I want a wah pedal, but instead of a treadle, I want it to start in heel-down mode, then hit a momentary switch to have it rock smoothly to toe-down, and back to heel-down.  Once it returns to heel-down, I want it to stay there.  I also want a time control, so that it can do this rapidly, or slowly.  (The slowest speed should be about 8 beats at 90 bpm, so a bit over 5 seconds.)

So, I want to automate a pot so that it starts at 0, then can be triggered to sweep to 100k, then return to 0 and stop.

My first thought is to try a 256-step digipot connected to a 7555 clock chip, basically adapting this project: http://makezine.com/projects/make-43/digital-potentiometers/

A couple questions--

1. What's the current through the wah pot in a typical design?
2. I'm having trouble reading digipot data sheets.  I know some default to 0/full (depending how you wire it), and others to the midpoint.  How do I tell the difference?

[R.G.]

1. What's the current through the wah pot in a typical design?

Tiny. That's not going to be a problem for you. It can't be any bigger than the full power supply divided by the pot, or 9v/100K = 90uA, and in fact it can't be that big because the signal is never a steady 9V. So it's much less than that, down in the units of uA.

2. I'm having trouble reading digipot data sheets.  I know some default to 0/full (depending how you wire it), and others to the midpoint.  How do I tell the difference?

Sadly, the only way to tell is to read the data sheets, or to get someone to interpret them for you.

There are some issues you're going to run into that will give you more trouble though. Taken all together, these issues strongly suggest that you use a small microcontroller to do the controlling, not a batch of analog stuff. I know that may be a big hurdle to get over, but it replaces a lot of hardwired bits and pieces with one $0.75 part, and gives you complete control of what the pot does.

Here are some of the issues.
- wah pots do not sweep their full range; the gear mechanism does not spin the pot from fully counterclockwise to clockwise and vice versa.

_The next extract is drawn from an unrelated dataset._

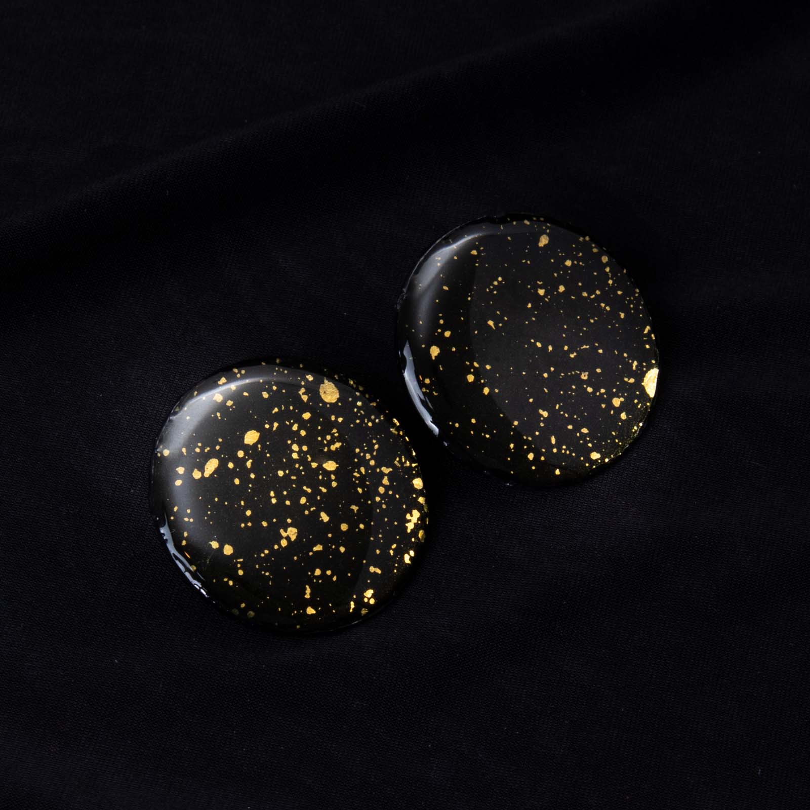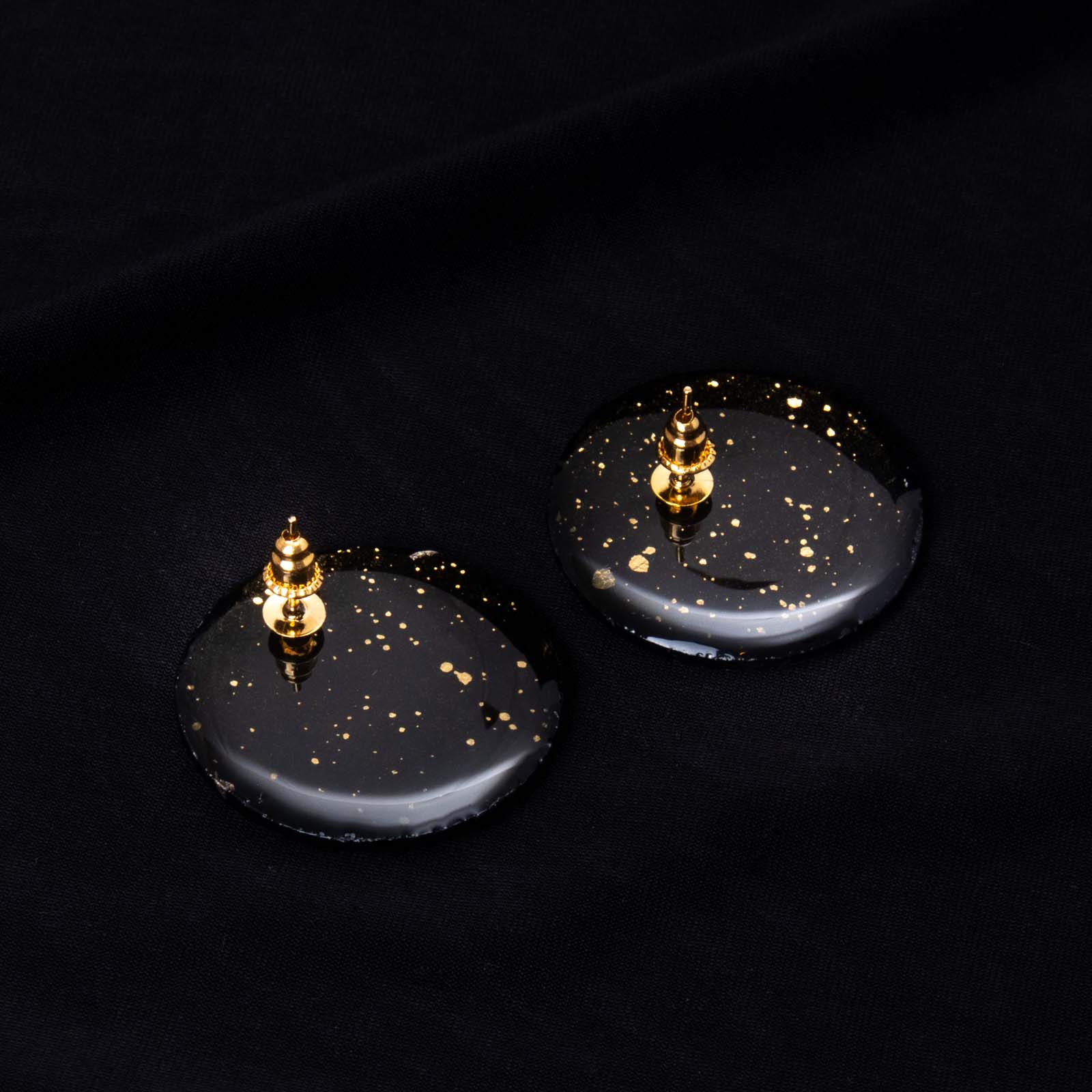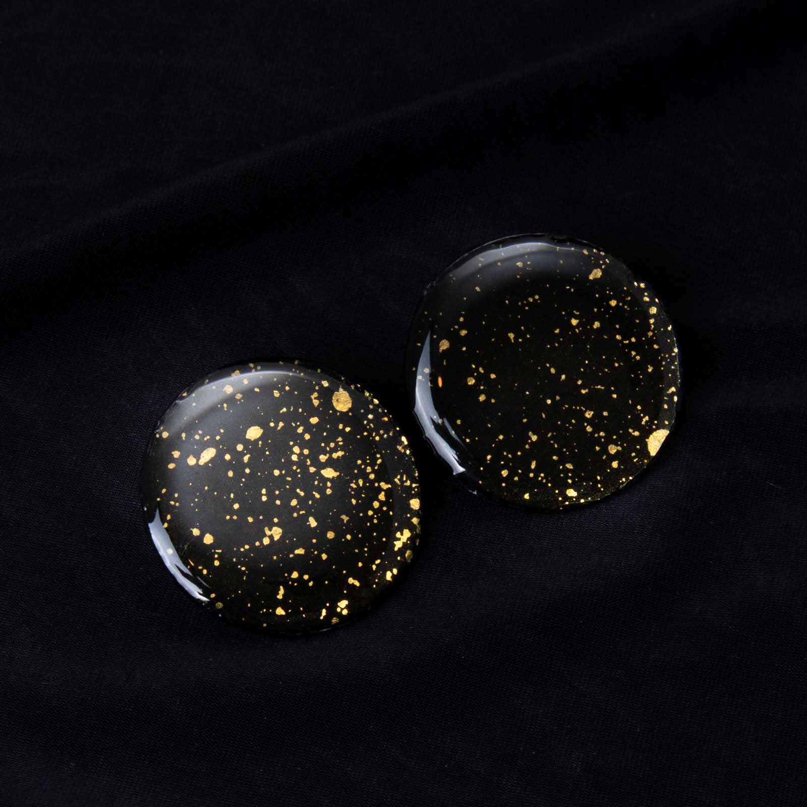 Papīra podziņauskari. Diametrs – 3 cm. Auskaru kājiņas – apzeltīts misiņš ar 18 karātu zelta pārklājumu. Pārklāti ar 2 komponentu epoksīdu.

So your setup would have to either have a bigger wah travel than most actual wah pedals, or have some tinkering to limit the travel. Not impossible, and probably can be handled with additional resistors at the ends of the digipot, but something that will need addressed. If you don't want the extra sweep range more than a regular wah, you'd need to pre-count it up to a certain minimum, count up only to a certain maximum while sweeping, and the re-count it down to the minimum again. There are ways to do this, but the circuit complexity grows.
- digital pots can only handle signals smaller than their power supply, sometimes quite a bit smaller than their power supply. The signal in a wah pedal gets bigger at resonance - that's what resonance is - and how big depends on what's feeding the wah circuit, the power supply on the wah pedal, and the value of the resonance resistor. Again, not impossible, but something to be addressed. Signal handling size is one of those things the digital pot data sheet would address.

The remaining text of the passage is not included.